(Stored items from a collection)
==========
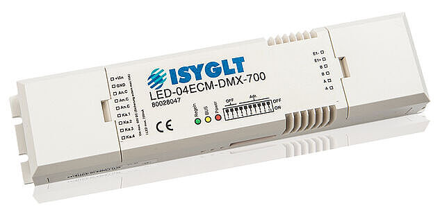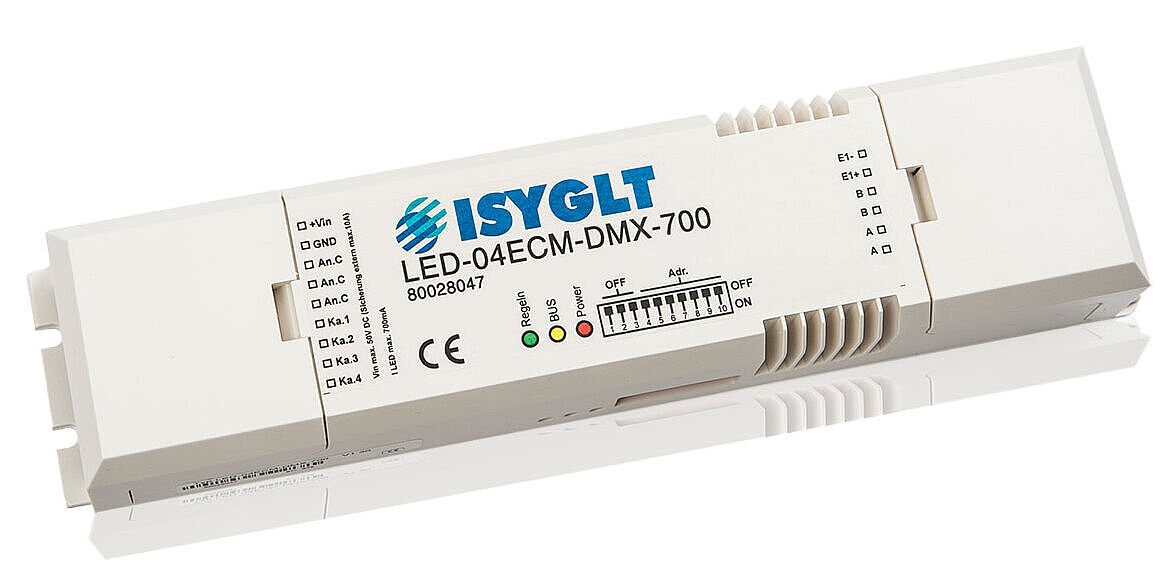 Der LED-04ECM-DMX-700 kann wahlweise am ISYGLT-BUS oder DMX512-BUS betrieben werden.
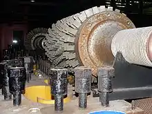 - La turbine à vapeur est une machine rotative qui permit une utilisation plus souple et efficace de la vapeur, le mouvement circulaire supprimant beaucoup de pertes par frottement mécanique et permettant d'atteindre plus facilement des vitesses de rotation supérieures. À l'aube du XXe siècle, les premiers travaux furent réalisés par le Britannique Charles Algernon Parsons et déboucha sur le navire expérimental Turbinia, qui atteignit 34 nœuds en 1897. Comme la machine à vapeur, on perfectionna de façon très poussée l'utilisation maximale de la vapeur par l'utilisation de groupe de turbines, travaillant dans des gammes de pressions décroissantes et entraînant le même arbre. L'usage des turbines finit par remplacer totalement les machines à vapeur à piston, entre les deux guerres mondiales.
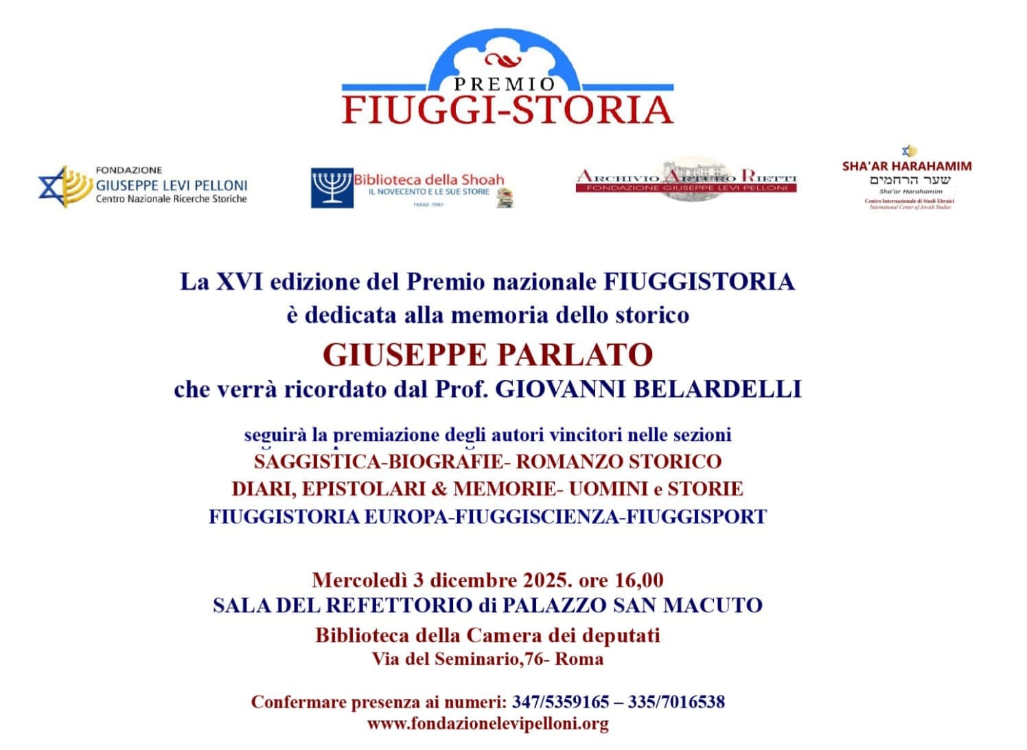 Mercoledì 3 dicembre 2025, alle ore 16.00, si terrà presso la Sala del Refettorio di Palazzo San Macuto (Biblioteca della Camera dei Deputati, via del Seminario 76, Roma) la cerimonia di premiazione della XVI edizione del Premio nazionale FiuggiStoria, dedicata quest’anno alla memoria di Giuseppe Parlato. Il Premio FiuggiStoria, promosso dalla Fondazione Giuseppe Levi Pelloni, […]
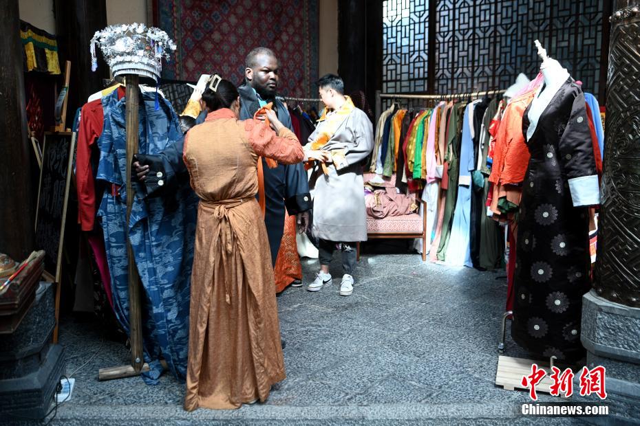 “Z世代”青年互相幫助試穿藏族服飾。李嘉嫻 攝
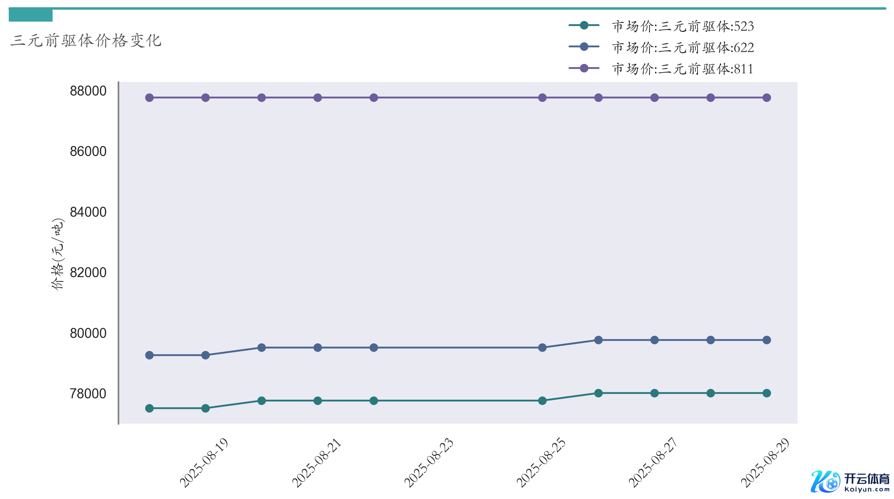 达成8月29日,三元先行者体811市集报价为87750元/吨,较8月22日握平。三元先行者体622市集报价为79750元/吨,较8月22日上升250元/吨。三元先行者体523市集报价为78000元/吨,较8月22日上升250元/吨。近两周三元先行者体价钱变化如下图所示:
==========
What you have to do:
Give back all of the data exactly, but not the pictures.

Response area:
 Der LED-04ECM-DMX-700 kann wahlweise am ISYGLT-BUS oder DMX512-BUS betrieben werden.
 - La turbine à vapeur est une machine rotative qui permit une utilisation plus souple et efficace de la vapeur, le mouvement circulaire supprimant beaucoup de pertes par frottement mécanique et permettant d'atteindre plus facilement des vitesses de rotation supérieures. À l'aube du XXe siècle, les premiers travaux furent réalisés par le Britannique Charles Algernon Parsons et déboucha sur le navire expérimental Turbinia, qui atteignit 34 nœuds en 1897. Comme la machine à vapeur, on perfectionna de façon très poussée l'utilisation maximale de la vapeur par l'utilisation de groupe de turbines, travaillant dans des gammes de pressions décroissantes et entraînant le même arbre. L'usage des turbines finit par remplacer totalement les machines à vapeur à piston, entre les deux guerres mondiales.
 Mercoledì 3 dicembre 2025, alle ore 16.00, si terrà presso la Sala del Refettorio di Palazzo San Macuto (Biblioteca della Camera dei Deputati, via del Seminario 76, Roma) la cerimonia di premiazione della XVI edizione del Premio nazionale FiuggiStoria, dedicata quest’anno alla memoria di Giuseppe Parlato. Il Premio FiuggiStoria, promosso dalla Fondazione Giuseppe Levi Pelloni, […]
 “Z世代”青年互相幫助試穿藏族服飾。李嘉嫻 攝
 达成8月29日,三元先行者体811市集报价为87750元/吨,较8月22日握平。三元先行者体622市集报价为79750元/吨,较8月22日上升250元/吨。三元先行者体523市集报价为78000元/吨,较8月22日上升250元/吨。近两周三元先行者体价钱变化如下图所示:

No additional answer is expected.